(SOURCE DATA begins)

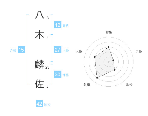 八木 麟佐さんを姓名の画数から五運を鑑定
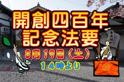 開創四百年記念法要 日時:8月19日(土) 時間:14時~16時 参加費:お布…
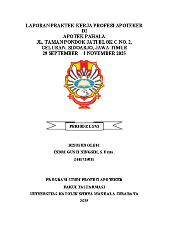 Ningsih, Indri Gusti (2026) Laporan praktek kerja Profesi Apoteker di Apotek Pahala Jl. Taman Pondok Jati Blok C no. 2, Geluran, Sidoarjo, Jawa Timur 29 September - 1 November 2025. Project Report (PKL, PKIPP, Magang D3, Praktik Kerja Profesi Apoteker, Profesi Guru, Profesi Ners dan Profesi Insiyur). Widya Mandala Surabaya Catholic University, Surabaya. (Submitted)

(SOURCE DATA ends)

▸ PROBLEM TO WORK ON
Your copy must consist solely of the lines from the one containing "開創四百年記念法要 日時:8月19日(土) 時間:14時~16時 参加費:お布…" through the final line of the material above, transcribed exactly, with the pictures left out.

▸ RESULT FOR THIS TASK
 開創四百年記念法要 日時:8月19日(土) 時間:14時~16時 参加費:お布…
 Ningsih, Indri Gusti (2026) Laporan praktek kerja Profesi Apoteker di Apotek Pahala Jl. Taman Pondok Jati Blok C no. 2, Geluran, Sidoarjo, Jawa Timur 29 September - 1 November 2025. Project Report (PKL, PKIPP, Magang D3, Praktik Kerja Profesi Apoteker, Profesi Guru, Profesi Ners dan Profesi Insiyur). Widya Mandala Surabaya Catholic University, Surabaya. (Submitted)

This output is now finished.